Waga seishun ni kuinashi

a.k.a. No Regrets for Our Youth

4.3%
3:1

Comments

xianjiro's avatar
xianjiro
I have a different reaction to prior comments. While, by far, not Kurosawa's or Hara's best work, the piece carries strong meaning. It was much less about the anti-fascist movement that was quashed in the lead up to Japan attacking American and British interests in the Pacific: it's a story about personal redemption, and not, Yukie's redemption, albeit we do witness her growth and maturing in her character arc.

Instead, the first half of the film - rough as it is - is largely setup for the second half. Viewers need to understand who Yukie and Noge are, what he believes, and why he pays such a high price - losing first his family, then his life - to understand why Yukie is willing to go to the lengths she goes. And notice, we never have a scene of her saying "your son wasn't bad, he didn't do that horrible thing" with his parents. No, instead we have her being a good, considerate, caring daughter. She goes about life as a normal Japanese daughter would and thereby shows that Noge was good. After all, how could such a bad person pick such a good wife? Yukie's sacrifice is Noge's redemption.

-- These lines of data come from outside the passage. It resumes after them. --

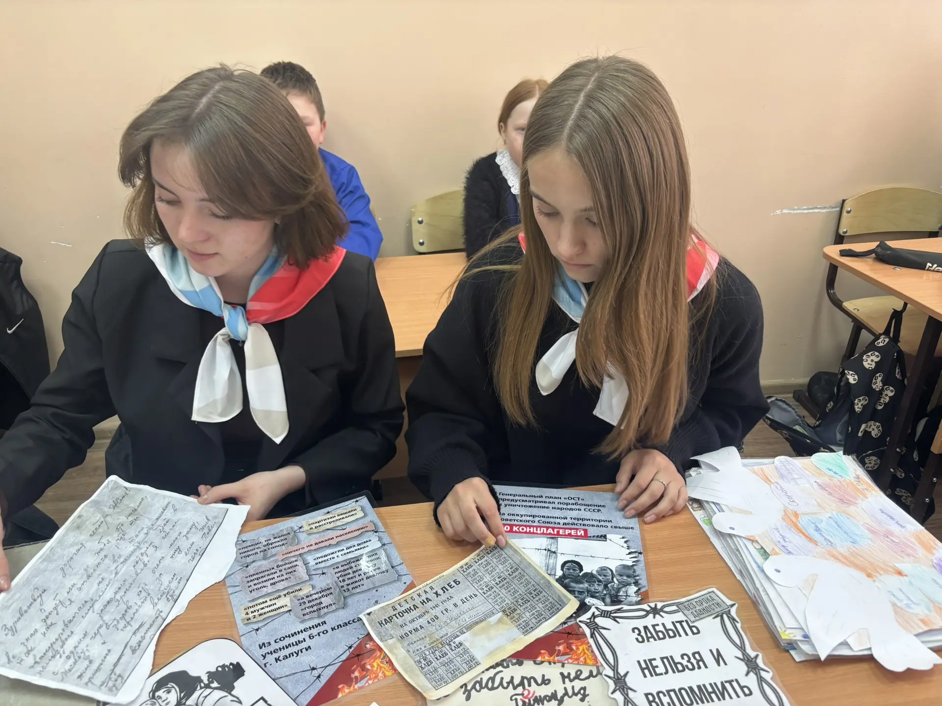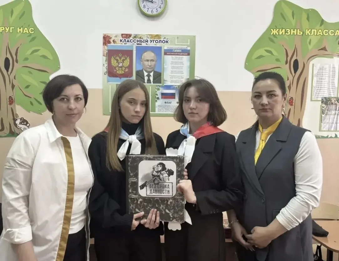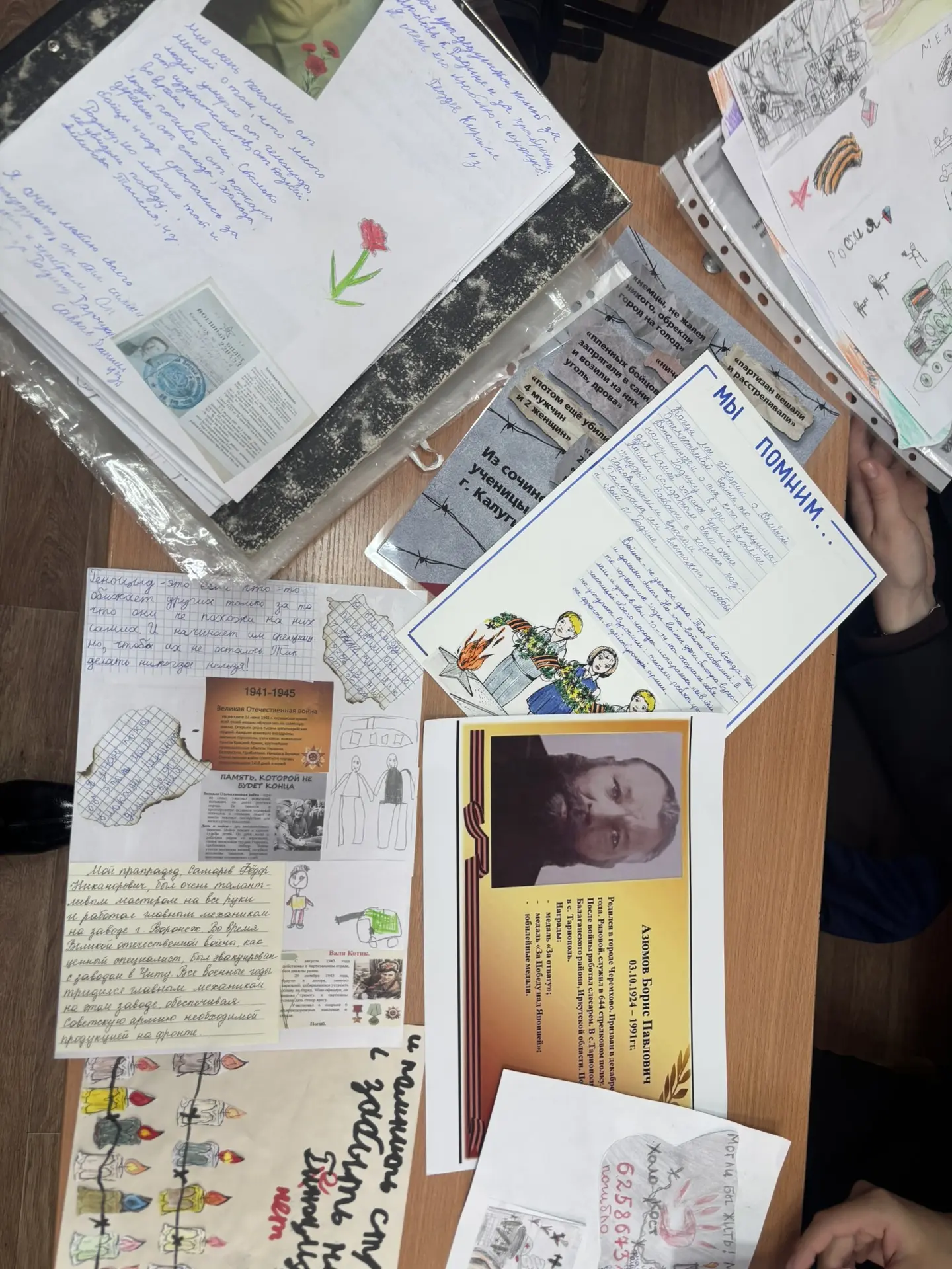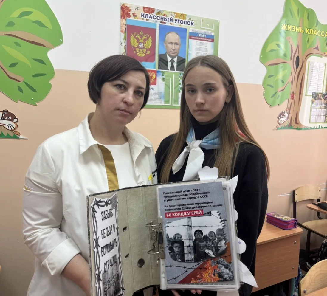 Далее совместно советники директора Алексеева О.А., Маркова Е.А. и наставники Орлят России Шалимова Ирина и Полоухина Дарья собрали все страницы в единую "Книгу Памяти" без срока давности.
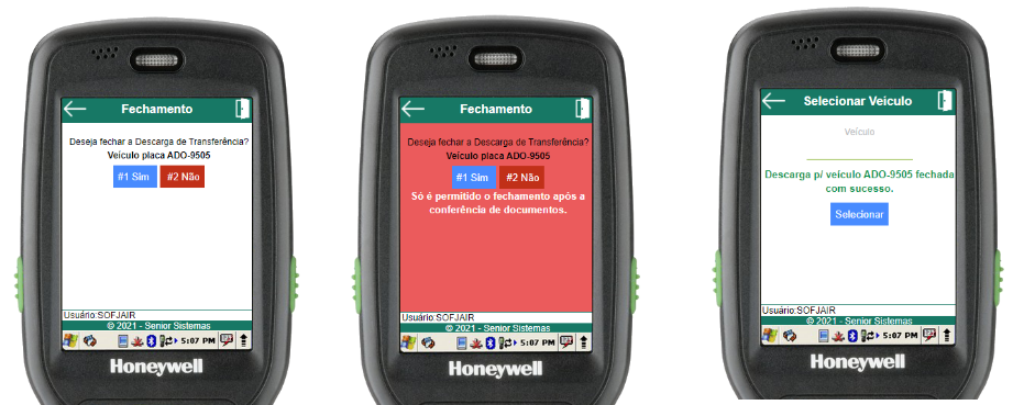 Para confirmar o fechamento, basta selecionar o botão “Sim” ou utilizar a tecla de atalho “1” no menu numérico. Caso a opção “Sim” seja escolhida e for possível fechar a descarga transferência, o usuário será redirecionado à tela de seleção de veículo, onde será exibida a mensagem de operação bem-sucedida, caso não seja possível, uma mensagem de erro será exibida. Se a opção “Não” for selecionada, o usuário será redirecionado para o menu de descarga da transferência em questão.
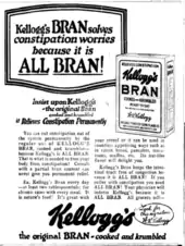 With the rising popularity of patent medicine in advertising, The Kellogg Company of Canada published a book named A New Way of Living that would show readers "how to achieve a new way of living; how to preserve vitality; how to maintain enthusiasm and energy; how to get the most out of life because of a physical ability to enjoy it." It touted the All-Bran cereal as the secret to leading "normal" lives free of constipation.[2]
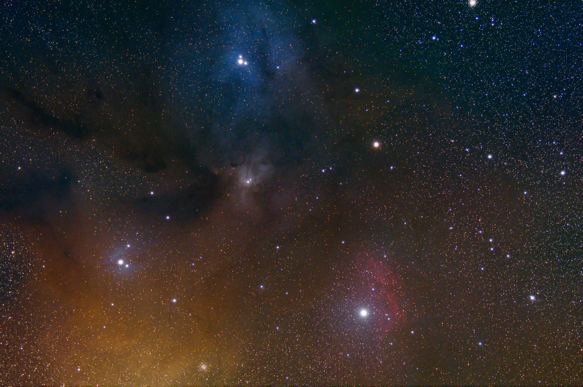 Die Rho Ophiuchi Molekular Wolke enthält neben Dunkelnebeln auch Emissions- und Reflexionsnebel. Näheres dazu bei https://en.wikipedia.org/wiki/Rho_Ophiuchi_cloud_complex EDPH II 61/4,5, ASI 071 MC, 30 x 120 s, Bearbeitung in PI
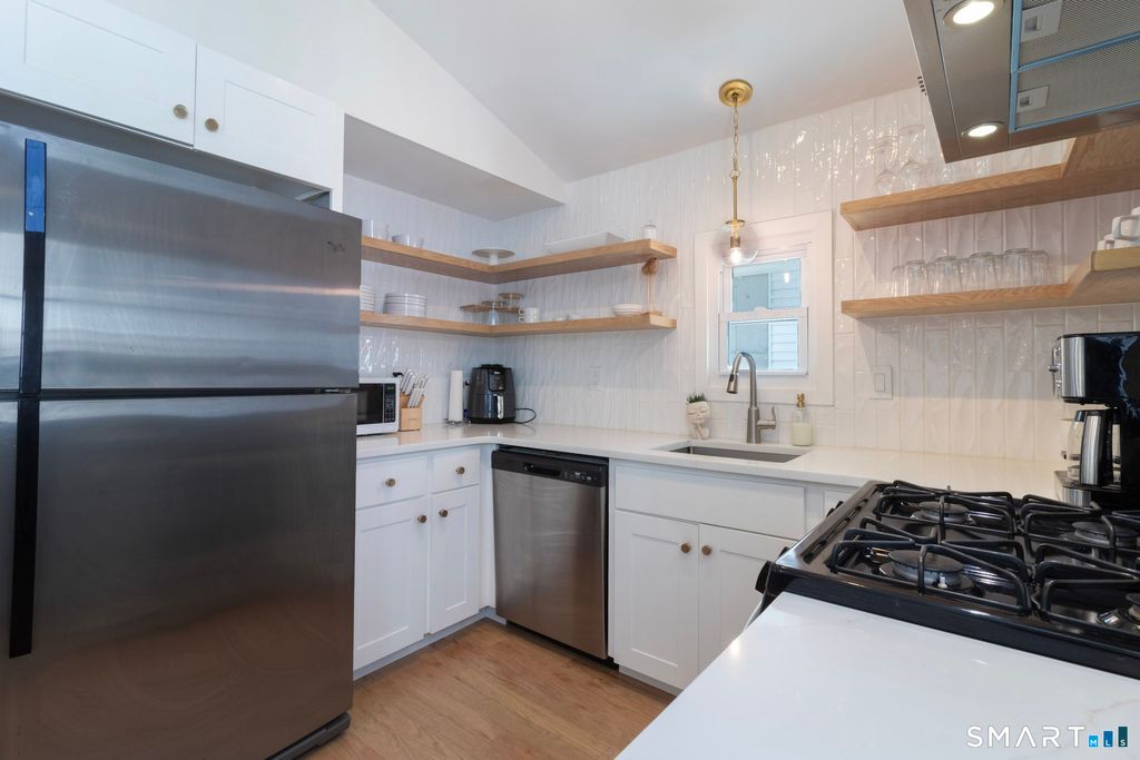 Perfectly suited for investors, owner-occupants, or those seeking a charming vacation retreat, this beautifully maintained home offers the best of shoreline living with water views, close proximity to Silver Sands Beach and steps away from two public beach access walkways. Located just 1.5 miles from downtown, enjoy a quick bike ride to local shops, restaurants, and all the area has to offer. Inside, you'll find a completely renovated kitchen featuring stainless steel appliances, quartz countertops, tile backsplash and a built-in corner bench-perfect for casual dining and gathering. Hardwood floors flow throughout the home, complemented by central air and efficient natural gas heating for year-round comfort. Custom window coverings allow privacy and views. Brand new roof to enjoy for many years to come. Step outside to a fully fenced rear yard, ideal for entertaining, relaxing, or enjoying summer evenings. Set in a truly fabulous neighborhood that shines in every season, this home is a rare opportunity to enjoy coastal living at its finest.
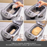 ماشین نانپز، مرباساز، ماستساز و خمیرزن کاراجا مدل Bake XL با بدنهای از جنس استیل ضد زنگ و رنگ سفید، دارای ظرفیت 1500 گرم و همراه با کتابچهای شامل 45 دستور پخت مختلف است.
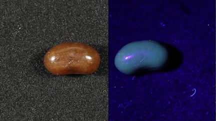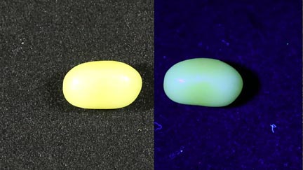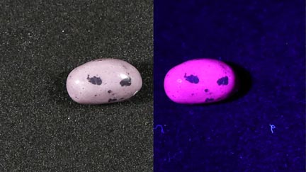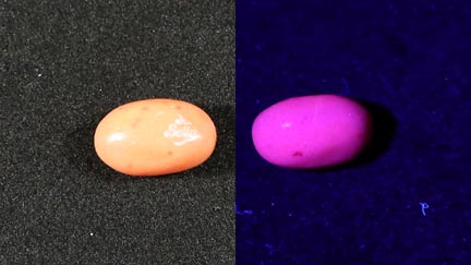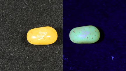 The food industry uses dozens of food grade, edible fluorescent dyes to enhance the colors of their products. The Jelly Belly company uses them in their jelly beans. Additionally, many normal coloring agents also exhibit fluorescent properties. The result is that many Jelly Belly jelly beans look completely different under ultraviolet light than they do under normal light. Here are a few examples:
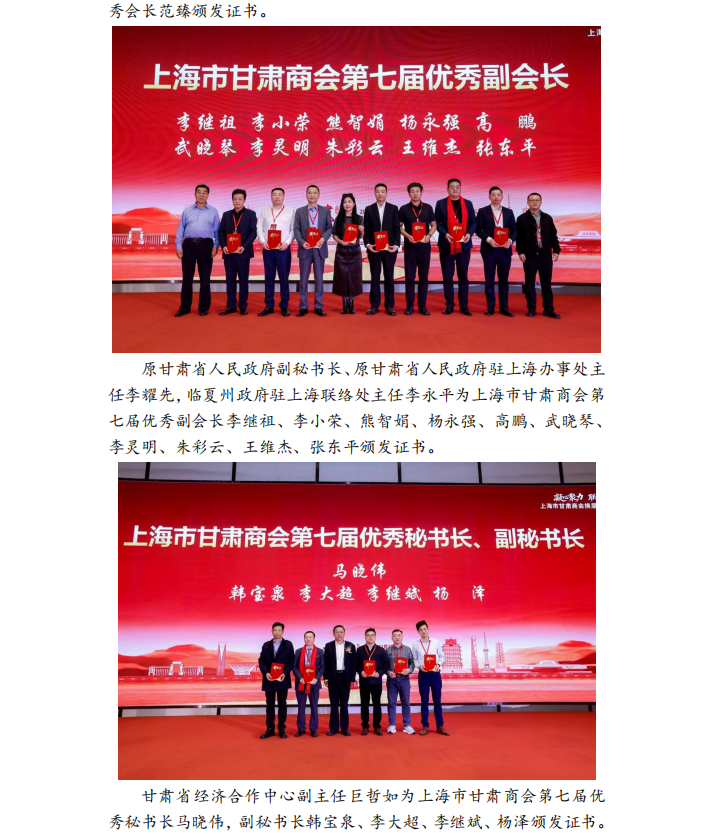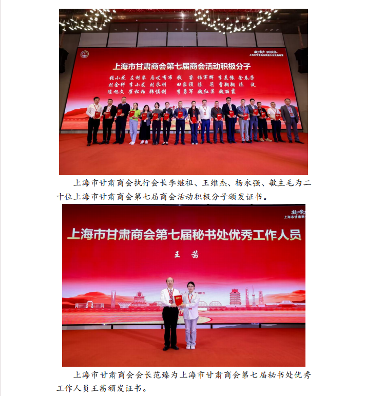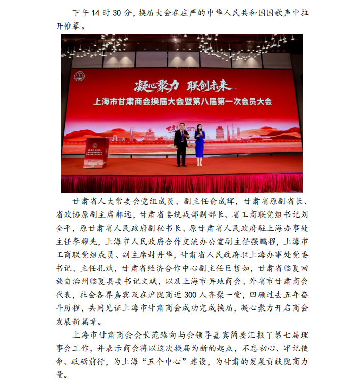 上海市甘肃商会隆重举行换届大会暨第八届第一次会员大会
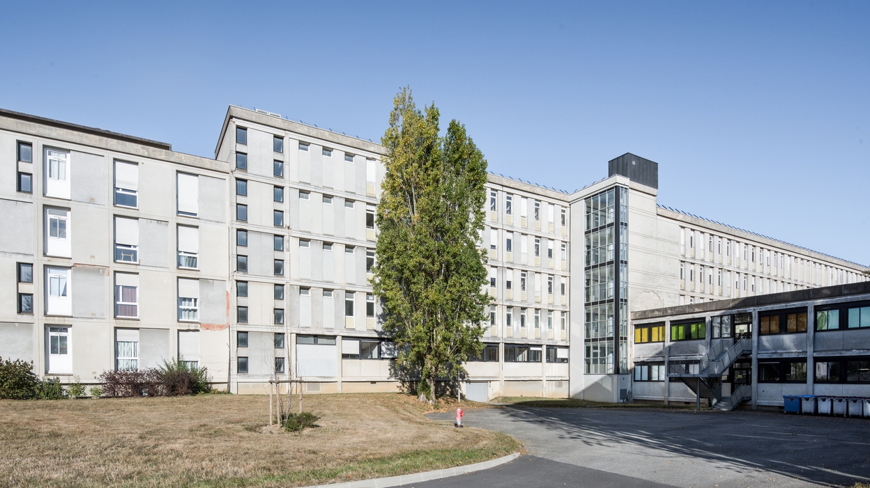 Façade est de l'internat de garçons, logements et infirmerie (bâtiment D). En retour d'équerre, foyer et externat (bâtiment E). Vue prise du sud est). Louis Arretche et Jean Lemercier, architectes, 1967Immatriculation
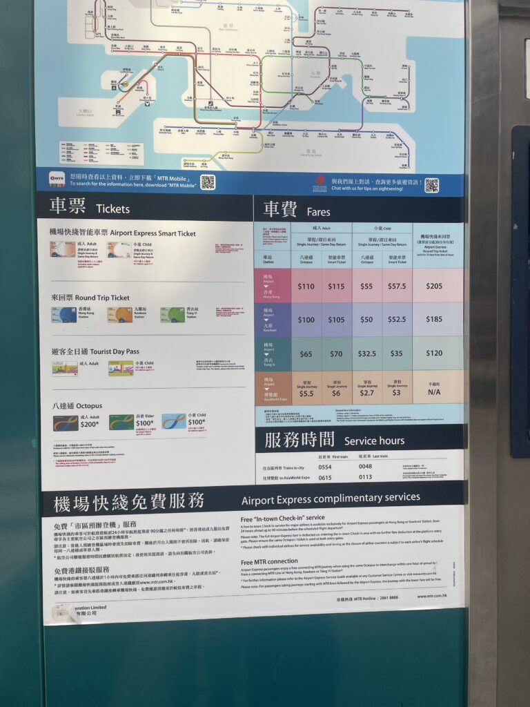 駅内のマップをみて、空港駅からホテルの最寄りである尖沙咀駅までのアクセスを確かめます。

I was unsettled at the final scene in that it wasn't clear if the truck of farmworkers who stop for Yukie are below the mountain where the movie starts or in his hometown (thereby signalling the Noge family's redemption). I like to think the latter.
deckard.'s avatar
deckard.
here kurosawa tries a 20's soviet movie. and what a movie it is.
acoltismypassport's avatar
acoltismypassport
Also known as 'No Regrets for Our Youth'.

Edit: I just got done with this. Made it about eighty minutes in, and had to shut it off. This was my 28th Kurosawa film, and easily the dullest one so far. Worth watching only as a list-completer.